▶ [Supplied data]
== Segment start ==
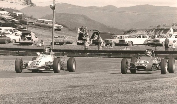 1976 Oran park P4A butt-shot, Quinn chasing Smith. Mk9 Hewland box, single top link, lower inverted wishbone, coil spring-/shocks and mechanic adjustable roll bar all period typical albeit by this stage a few rockers were starting to appear on cars such as the Royales and Lolas in Oz (Bennett)
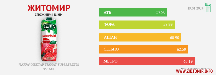 Моніторинг здійснено на основі інформації, отриманої за методом контрольної закупки 19.01.2024 р. у місцях продажу: АТБ, пр. Миру, 15 А, Фора, вул. Лятошинського, 2, Метро, вул. Ватутіна, 55-в, Сільпо, пл. Житній ринок, 1, Ашан, вул. Київська, 77
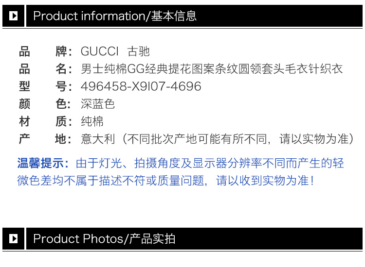 GUCCI 古驰 男士GG经典图案条纹上衣 496458-X9I07-4696
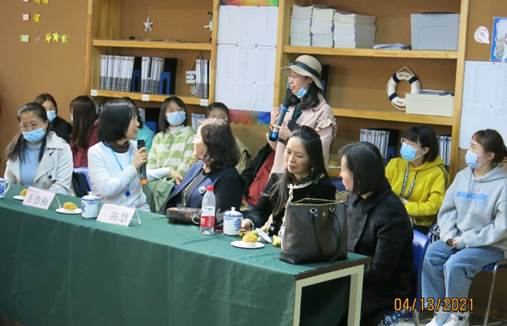 (图为师生观摩英语课堂、师生探讨教学设计及理念)
== Segment end ==
▶ [Assigned task] Every line from the one bearing "GUCCI 古驰 男士GG经典图案条纹上衣 496458-X9I07-4696" through the end of the data above must be output exactly, and no picture may appear.

▶ [Solution below]
 GUCCI 古驰 男士GG经典图案条纹上衣 496458-X9I07-4696
 (图为师生观摩英语课堂、师生探讨教学设计及理念)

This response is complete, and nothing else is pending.